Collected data
★ ★ ★ ★ ★ ★ ★
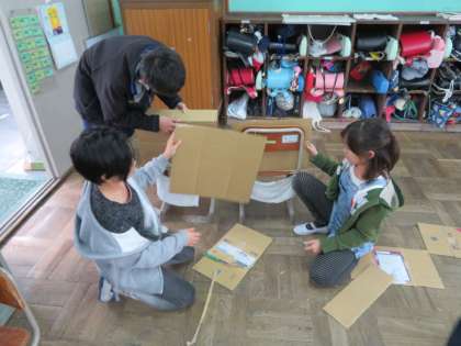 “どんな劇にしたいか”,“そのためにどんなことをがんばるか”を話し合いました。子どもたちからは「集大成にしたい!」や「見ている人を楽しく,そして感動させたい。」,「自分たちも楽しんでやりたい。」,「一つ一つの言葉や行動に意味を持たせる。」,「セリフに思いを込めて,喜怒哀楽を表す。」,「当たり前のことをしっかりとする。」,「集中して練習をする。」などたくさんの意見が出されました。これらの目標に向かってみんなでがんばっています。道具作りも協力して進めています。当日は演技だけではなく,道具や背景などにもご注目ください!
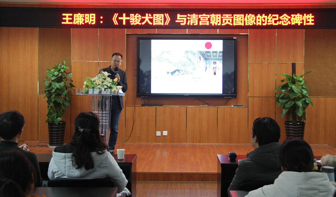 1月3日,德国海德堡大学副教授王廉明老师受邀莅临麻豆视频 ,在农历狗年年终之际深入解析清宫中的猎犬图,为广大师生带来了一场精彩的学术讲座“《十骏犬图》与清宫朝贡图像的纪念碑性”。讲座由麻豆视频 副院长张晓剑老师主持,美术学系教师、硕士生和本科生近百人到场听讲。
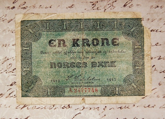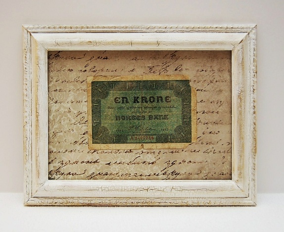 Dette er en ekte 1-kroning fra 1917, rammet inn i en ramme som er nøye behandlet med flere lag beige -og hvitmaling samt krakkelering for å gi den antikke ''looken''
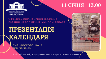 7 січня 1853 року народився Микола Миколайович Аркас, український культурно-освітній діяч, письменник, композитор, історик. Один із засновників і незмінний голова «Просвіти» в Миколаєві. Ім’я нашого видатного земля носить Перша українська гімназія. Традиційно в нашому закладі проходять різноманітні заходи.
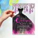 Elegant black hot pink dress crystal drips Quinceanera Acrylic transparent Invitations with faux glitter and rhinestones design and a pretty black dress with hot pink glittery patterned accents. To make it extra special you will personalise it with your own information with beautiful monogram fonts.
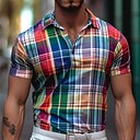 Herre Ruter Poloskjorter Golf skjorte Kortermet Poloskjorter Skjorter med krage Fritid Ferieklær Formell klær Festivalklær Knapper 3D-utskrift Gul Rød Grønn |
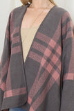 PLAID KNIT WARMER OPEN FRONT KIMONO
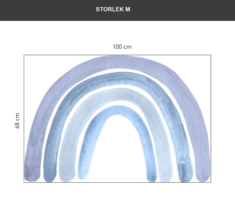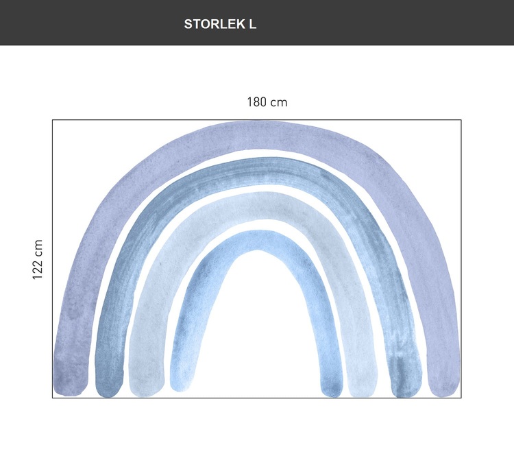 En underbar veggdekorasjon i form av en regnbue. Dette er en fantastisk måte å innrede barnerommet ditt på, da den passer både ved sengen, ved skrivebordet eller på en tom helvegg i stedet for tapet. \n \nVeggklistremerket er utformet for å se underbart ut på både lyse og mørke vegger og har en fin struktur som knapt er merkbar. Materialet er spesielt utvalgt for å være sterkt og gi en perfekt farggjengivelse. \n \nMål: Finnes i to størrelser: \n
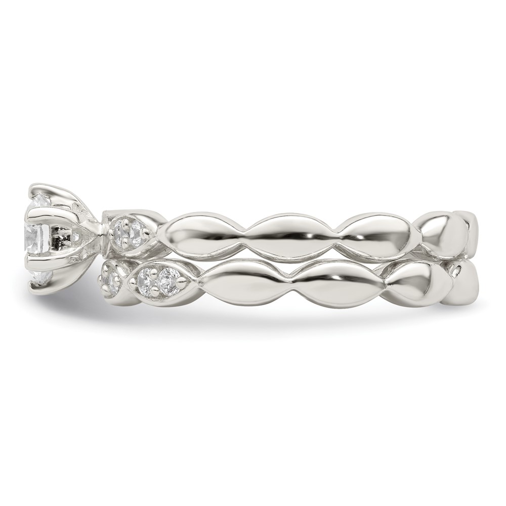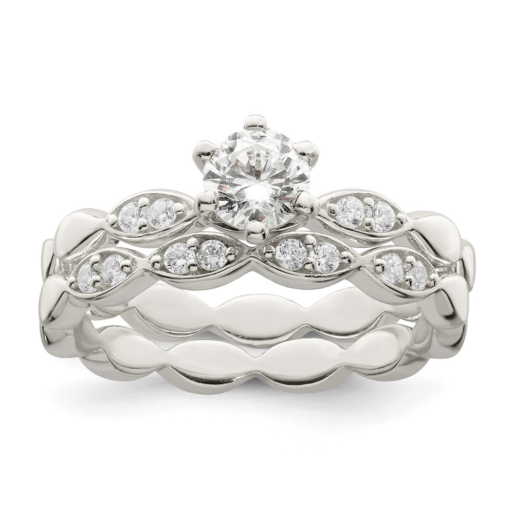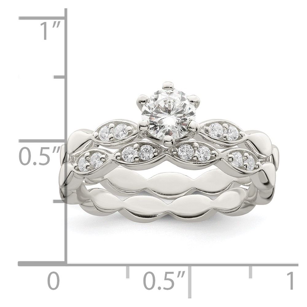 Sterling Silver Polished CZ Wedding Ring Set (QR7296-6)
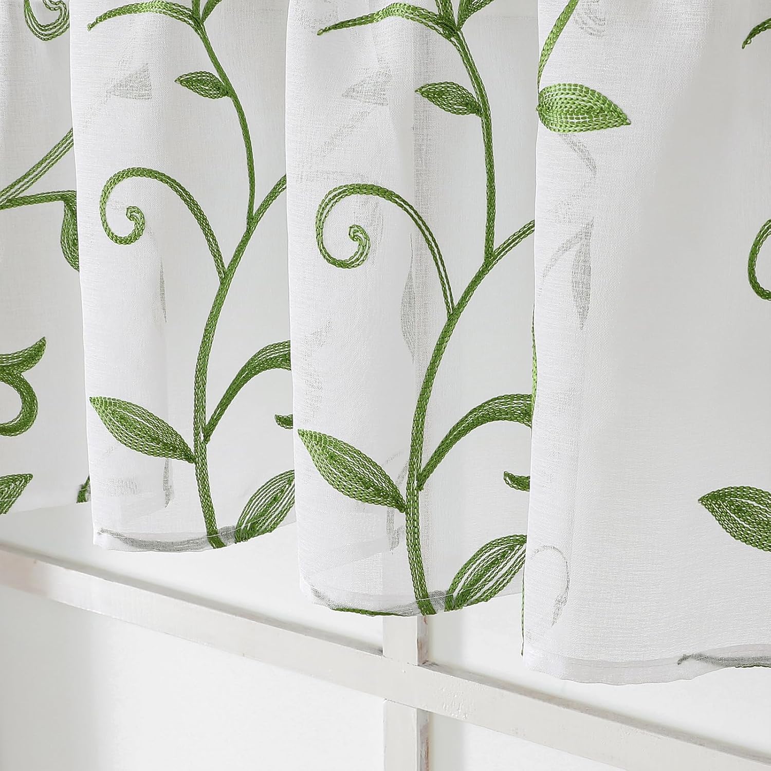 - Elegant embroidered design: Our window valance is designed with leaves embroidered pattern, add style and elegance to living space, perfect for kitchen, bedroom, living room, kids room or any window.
★ ★ ★ ★ ★ ★ ★
• _WHAT IS REQUIRED_
A picture must not appear in the copy. Transcribe exactly the lines from the one with "Sterling Silver Polished" through the final line of the entries, both included, and no more.

• _OUTPUT OF THE EXERCISE_
 Sterling Silver Polished CZ Wedding Ring Set (QR7296-6)
 - Elegant embroidered design: Our window valance is designed with leaves embroidered pattern, add style and elegance to living space, perfect for kitchen, bedroom, living room, kids room or any window.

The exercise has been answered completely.